Not really. It was a long time ago, and memory has faded.
Perhaps that when you ask “an expert” for advice, they may be so obsessed with novel approaches that they miss obvious things
.
I don’t believe they did. Just brain freeze on my part.
Merge sort can be made in-place simply enough but at the cost of another lg n factor. Given adjacent runs A and B, search for the largest non-negative int K such that the first K elements of B belong before the last K elements of A. Binary search can be used for this, although getting it exactly right is delicate, and exponential search would probably be better for general use (K is usually small for runs built from randomly ordered data).
Then you have two adjacent, equal-sized, blocks to swap. How to do that in place should be obvious.

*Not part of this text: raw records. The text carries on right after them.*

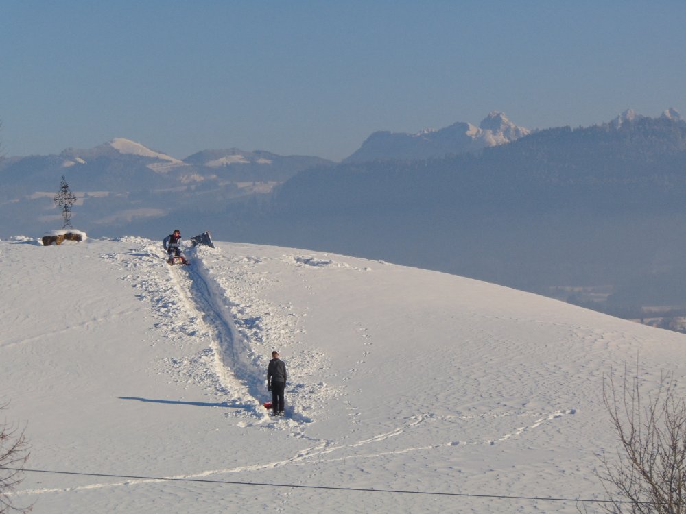 Im Winter stehen Ihnen mehrere Schlitten und 2 Paar Schneeschuhe kostenlos zur Verfügung. Wenn Sie Langlaufski mitbringen, machen wir gerne mit Ihnen eine Skiwanderung durch völlig unberührte Natur. Wunderschöne Loipen in der Nähe warten auf Sie, z.B. Loipenparadies Knottenried 6 km, Stoffelberg 2 km. Skilifte, z.B. in Immenstadt oder Missen-Wilhams erreichen Sie schon in gut 10 km. Wenn Sie auf mehr als 2.000 m Höhe hinaufwollen, können Sie zum Nebelhorn oder Fellhorn in Oberstdorf fahren (ca. 35 km).
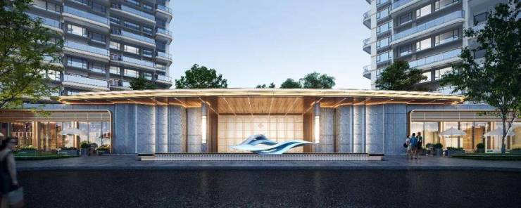 一进入府:广州第一个四代居“场景式体验”社区,酒店式主入口礼序形象,对景发光云石过渡空间。
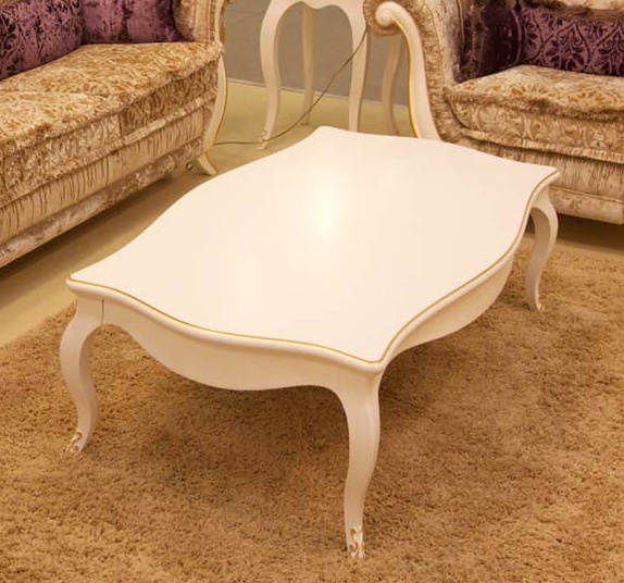Coffee table from the Italian manufacturer Bbelle. Curly legs and a rectangular top made of wood. The surface is treated C103 Bianco lacquer and gold leaf. The model is decorated with hand-carved.
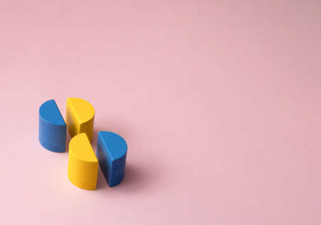 Abstract geometric composition, made with blue and yellow wooden shapes on pastel pink background. Modern minimal concept.
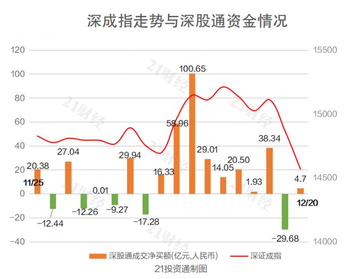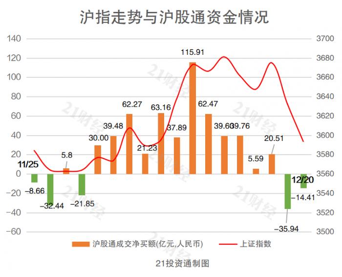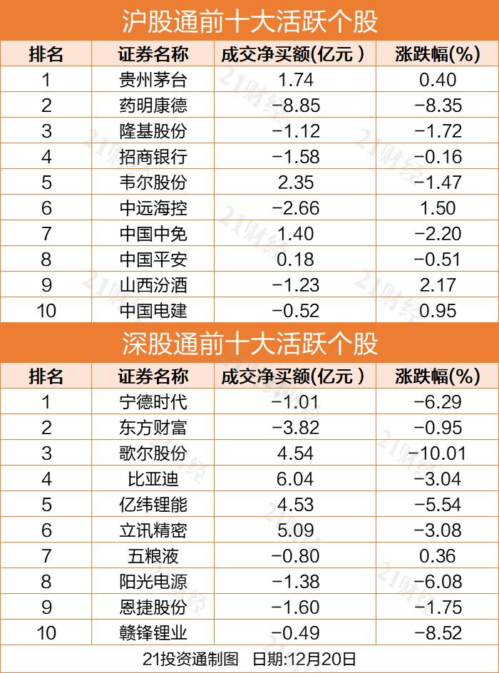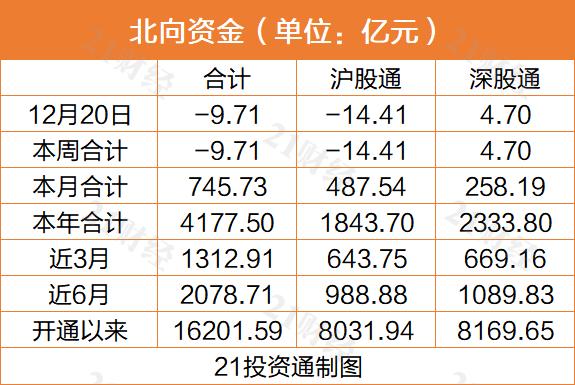 据21投资通(微信号ID:touzit21)智能监测,12月20日,北向资金净卖出9.71亿元,其中沪股通净卖出14.41亿元,深股通净买入4.07亿元。

Now you’re left with two merges to do, each of which follows the same process.
Easiest to follow with an example:
A: 2 4 6 B: 1 3 5
1 < 6, so K >= 1. Then 3 < 4, so K >= 2. But it’s not the case that 5 < 2, so K=2 is the result. Swap the last 2 elements of A with first 2 of B, leaving two smaller pairs of runs to merge:
A:2 B:1 3
A:4 6 B:5
K happens to be 1 for both pairs. For the first, 1 is swapped with 2, leaving the 2 new pairs to do:
A:empty B:1
A:2 B:3
and K=0 for both, so both finish at once. Similarly for the other original pair.
OK - the coding isn’t really “simple” after all
. But it’s the simplest in-place sub-quadratic-worst-case stable comparison-based sort I know of.
In a merge sort that already works, it just requires replacing the “merge two adjacent runs” part. Easiest to write it recursively, but with the usual quicksort trick to limit recursion depth:
# merge adjacent pairs A and B
while A and B: # if either is empty, there's nothing to do:
# as sketched, create new A1, B1 and A2, B2 pairs in place
# recurse on the pair with the smallest total length
# set A and B to the larger pair and loop
Of course if one of the pairs is a singleton, it would pay to search for its final position direclty instead. As is, e.g.,
A:2 3 4 5 6 7 8 9 B:1
acts like a slow insertion sort, moving 1 “one to the left” each time. Still linear-time, but slothful. Etc.